▶ [Supplied data]:

★ ★ ★ ★ ★ ★ ★

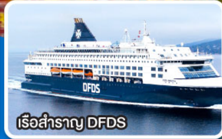
เรือสำราญ DFDS

พิเศษ ! พักค้างคืนบนเรือสำราญ DFDS SCANDINAVIAN SEAWAYS (ห้องพักแบบ SEA VIEW)
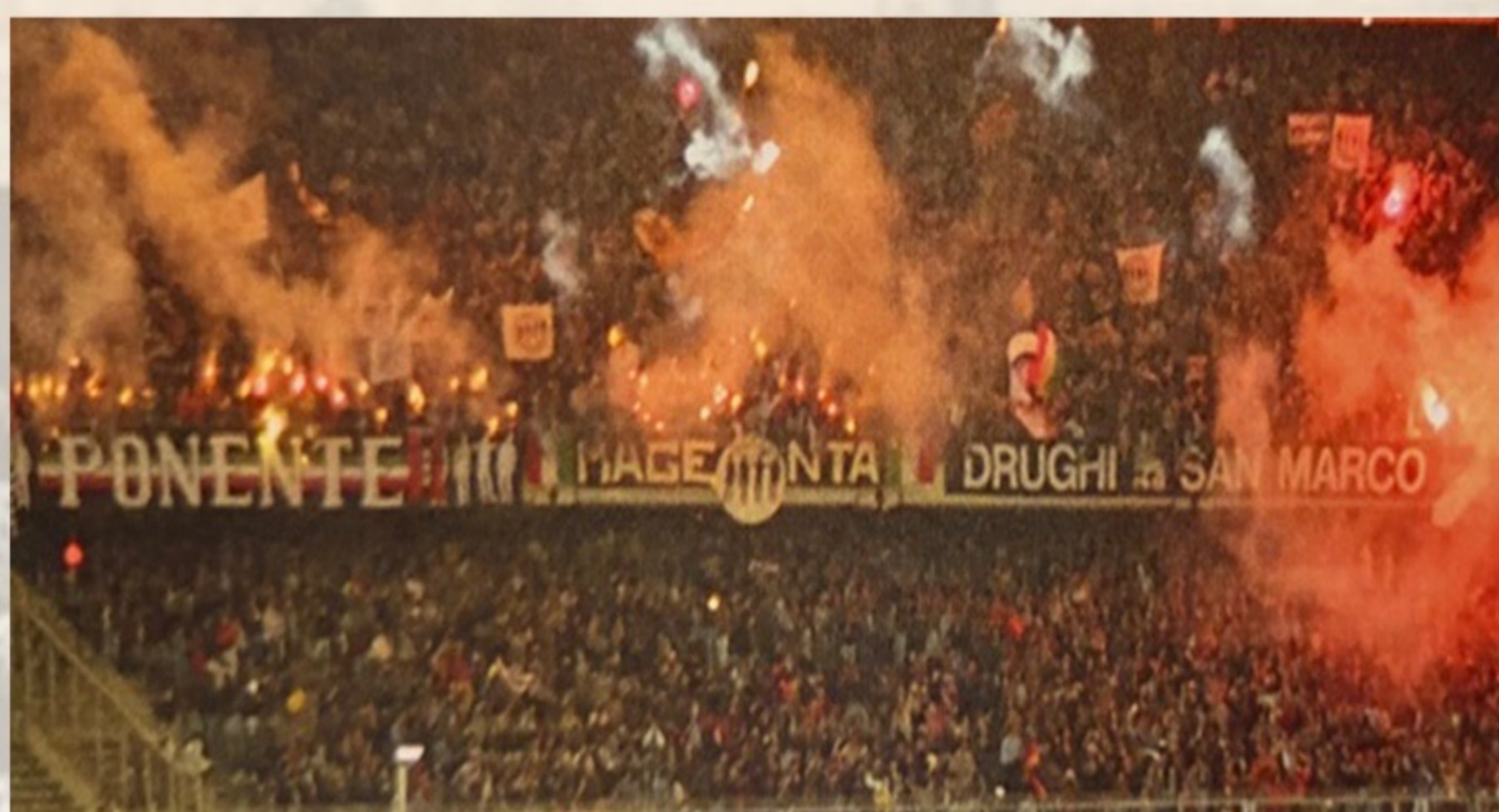
JUVENTUS - CAGLIARI COPPA UEFA 1994

★ ★ ★ ★ ★ ★ ★

▶ [Your task]: Write the data out again exactly, but without its images.

▶ [Solution]:
เรือสำราญ DFDS

พิเศษ ! พักค้างคืนบนเรือสำราญ DFDS SCANDINAVIAN SEAWAYS (ห้องพักแบบ SEA VIEW)
JUVENTUS - CAGLIARI COPPA UEFA 1994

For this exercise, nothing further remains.